The minister praised the courage of the wrongfully convicted man, who has campaigned against capital punishment since his 1993 release.

“It’s an issue dear to our hearts because the death penalty is inefficient, irreversible and inhumane,” Fabius said.

“There’s no better place than the United Nations to launch this fight.”

He spoke after meeting with his counterpart from Benin, Nassirou Arifari Bako, as well as some 50 countries on the sidelines of the annual United Nations General Assembly to convince them of the need to abolish the death penalty.

Other international gatherings are planned in the context of the campaign, including one in Paris on October 9 followed by others in Rabat and Madrid, according to Fabius.

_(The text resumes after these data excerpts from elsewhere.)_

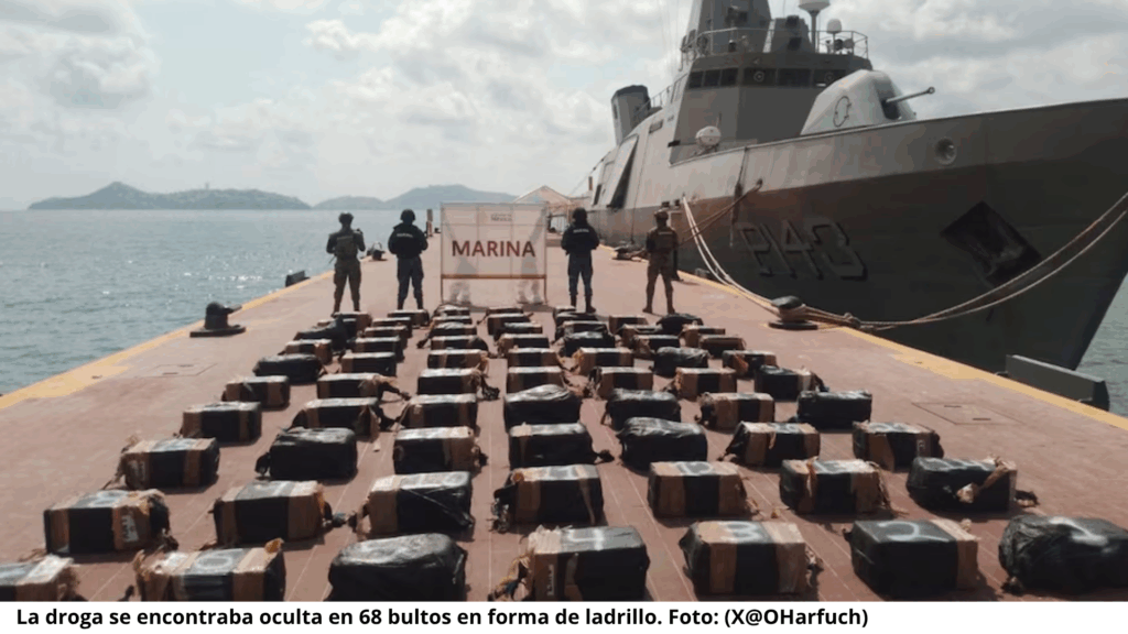 El cargamento fue asegurado y transportado hasta el muelle de la Octava Región Naval, donde se realizó el pesaje correspondiente. El resultado: 1.3 toneladas de cocaína listas para su distribución. La droga fue puesta a disposición de la Fiscalía General de la República (FGR), que abrió la carpeta de investigación correspondiente.
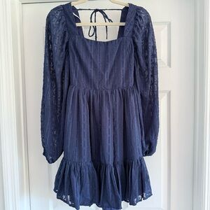 NWT LULUS Only You and I Navy Blue Long Sleeve Tie-Back Mini Skater Dress Medium
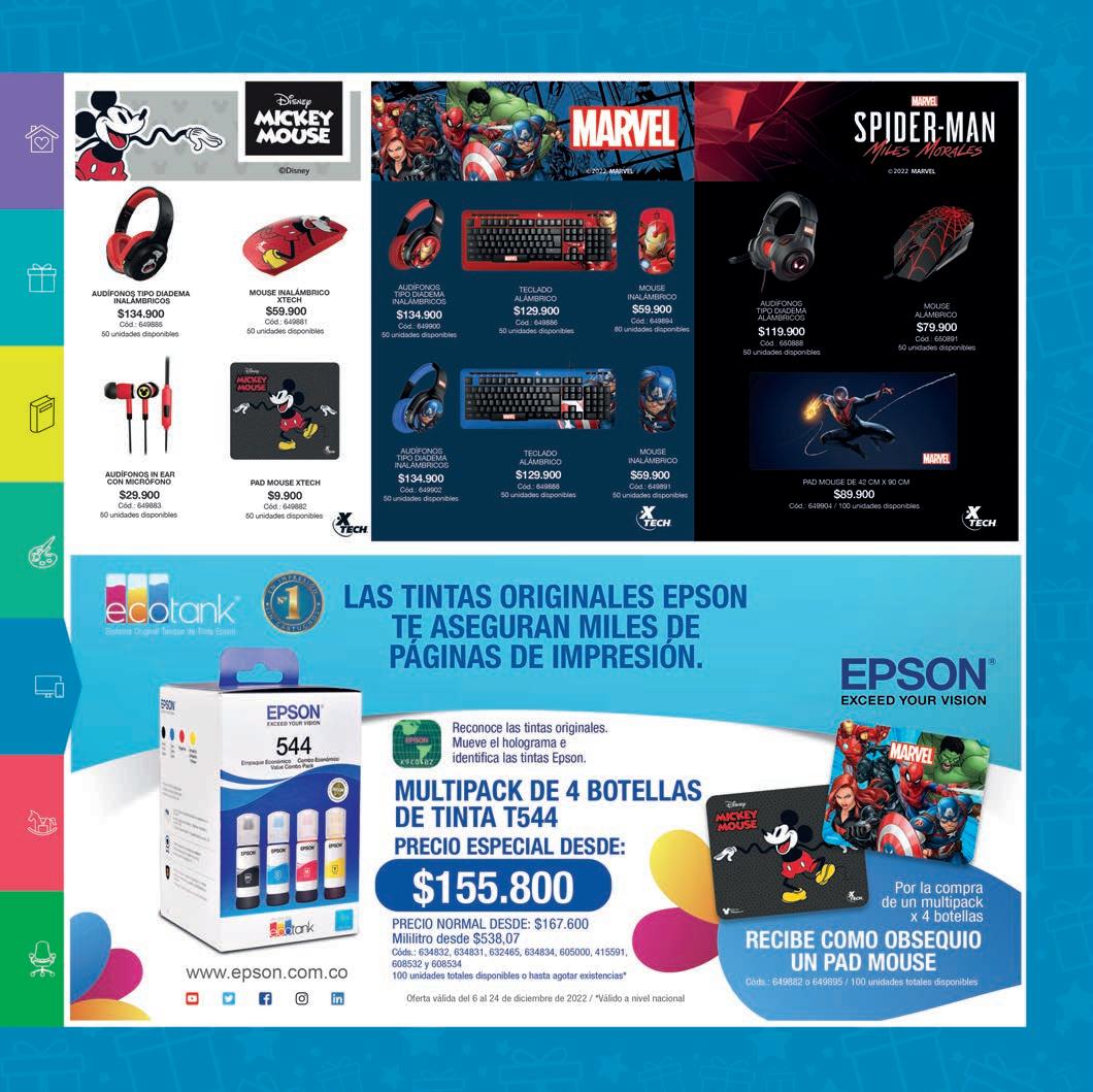 61 Inventario sujeto a disponibilidad en los puntos de venta / Consulta las referencias disponibles, precios y sus características en cada punto de venta / Las fotografías no representan el tamaño real de los productos / Los elementos de ambientación no forman parte de los productos / Máximo 2 unidades de productos de tecnología y productos en promoción del mismo código y/o referencia por cliente, por cédula, por factura, por tienda, por evento, por dirección de envío y ventas a crédito / Los precios sin oferta publicados en esta página son precios de lista / Ofertas no acumulables con otras promociones TECNOLOGÍA CINTIQ DE 16” ONE DE 13” TABLETA DIGITALIZADORA INTUOS BASIC INTUOS PRO TABLETA DIGITALIZADORA INTUOS BLUETOOTH $4.299.900 Cód.: 647922 / 5 unidades disponibles Precio especial: $1.829.900 PRECIO NORMAL: $2.165.900 Cód.: 597504 / 50 unidades disponibles Precio especial: $259.900 PRECIO NORMAL: $286.900 Cód.: 550100 / 100 unidades disponibles Disponible también en color: Disponible también en color: Precio especial: $1.649.900 PRECIO NORMAL: $2.034.900 Cód.: 520688 $959.900 c/u Códs.: 550102 y 634078 Precio especial: $979.900 PRECIO NORMAL: $1.076.900 Cód.: 583312 80 unidades totales disponibles 100 unidades totales disponibles 100 unidades totales disponibles 1. 2. Precio especial: $439.900 c/u PRECIO NORMAL: $512.900 c/u Códs.: 550101 y 634077 5. 4. 3. M M S S Ofertas válidas del 10 al 20 de diciembre de 2022 $179.900 100 unidades disponibles $164.900 50 unidades disponibles $64.900 50 unidades disponibles $247.900 50 unidades disponibles Precio especial: $149.900 PRECIO NORMAL: $459.900 50 unidades disponibles Precio especial: $149.900 PRECIO NORMAL: $459.900 100 unidades disponibles Precio especial: $189.900 PRECIO NORMAL: $259.900 50 unidades disponibles Precio especial: $799.900 PRECIO NORMAL: $1.399.900 10 unidades disponibles Ofertas válidas del 6 al 24 de diciembre de 2022
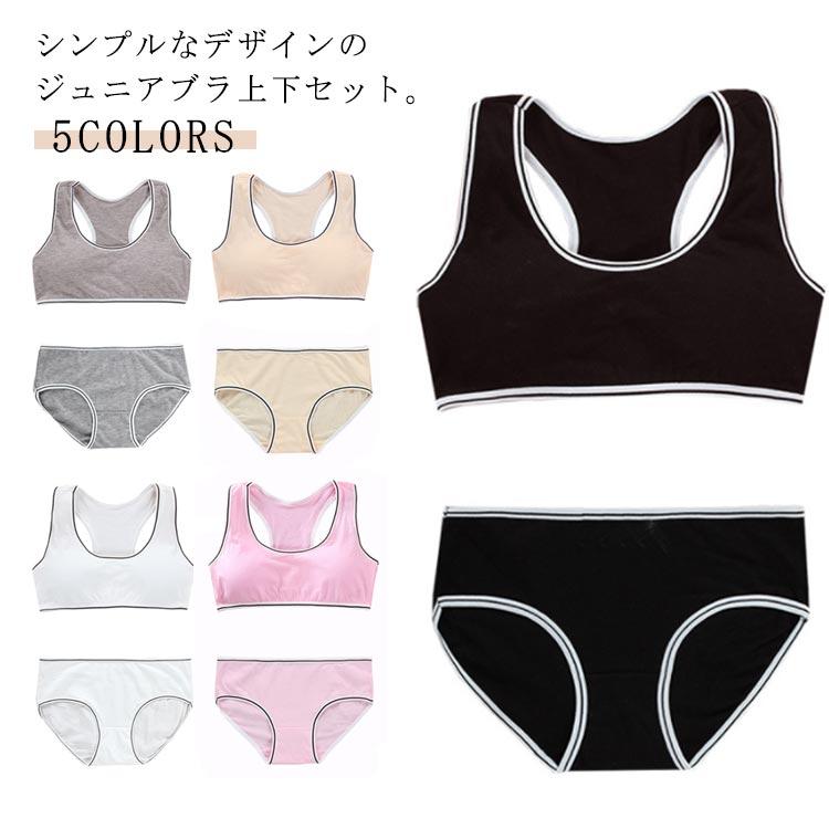 子供 ジュニア コットンインナー ブラトップ 女の子 ジュニアブラ 下着 中学生 上下セット セットアップ 綿 下着セット コットン スポーツブラ キ
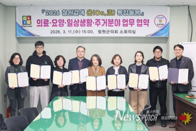 뉴스펀치 조평훈 기자 | 철원군은 3월 11일 철원군의회 소회의실에서 의료·요양·일상생활·주거 등 통합돌봄 4대 분야 서비스 연계 강화를 위한 업무협약식을 개최했다.
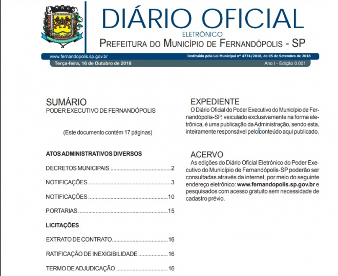 Prefeitura lança primeira edição do “Diário Eletrônico” de Fernandópolis
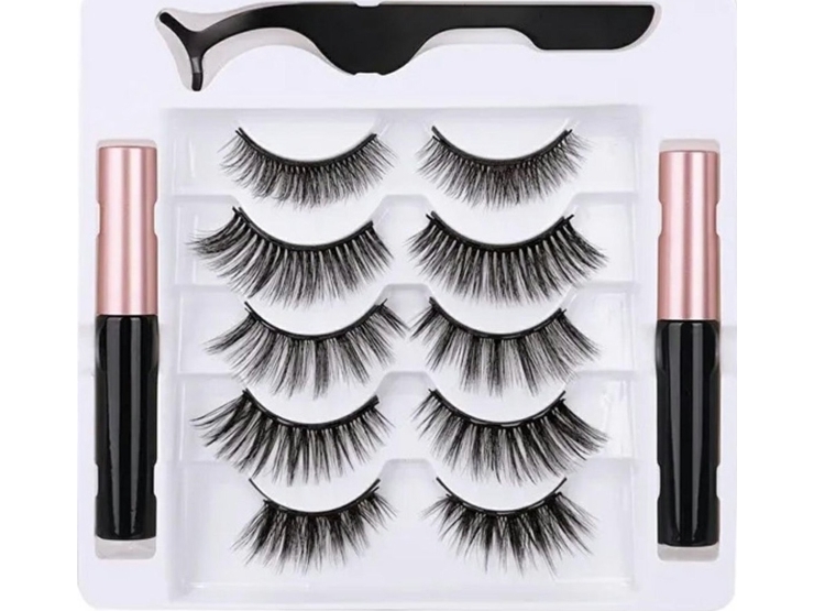 Magnetiska ögonfransar Naturlig magnetisk flytande eyeliner + Tre par av fem magnetögonfransar magnetisk eyeliner
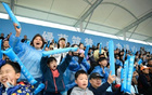 此次揭幕战一经官宣便成为全城热点,5000张门票通过线上小程序实名预约、0.99元惠民发售,一上线迅速售罄,实现“一票难求”,赛场内座无虚席,呐喊声、欢呼声、助威声此起彼伏,足球氛围拉满。
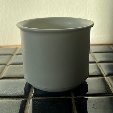 Største på billede 1. og på billede 2-3: ca 25 cm i diameter, 13 cm høj, med serverings holder i hvid; 175,-
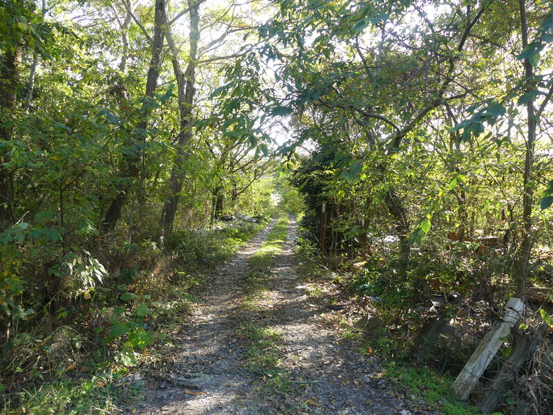 左:サイクリングロード 高砂製紙株式 右:サイクリングロードを進むと砂丘の雰囲

France, which abolished capital punishment in 1981, is a major proponent of abolishing the death penalty, with media regularly reporting about executions. During their meeting, Bloodsworth thanked Fabius for the country’s efforts.

In a recent interview with AFP in his small apartment in Mount Rainer, near the northeastern city of Baltimore, Kirksworth spoke of nightmares that still haunt him to this day.

“I used to have very bad dreams, sweating, screaming,” he said. “I’d wake up thinking they’d drag me to the gas chamber.”

After being pardoned by the governor of Maryland and receiving $300,000 for his lost years — a sum he said that constituted about $3.72 an hour — Bloodsworth now takes his message to schools, universities and even to the world stage at the United Nations.

“Obviously my biggest reason for ending the death penalty is that we could execute an innocent person, we’ve already done that,” he said. “I believe in punishment but the death penalty is not right, not in a country that has so many different ways to take care of prisoners.”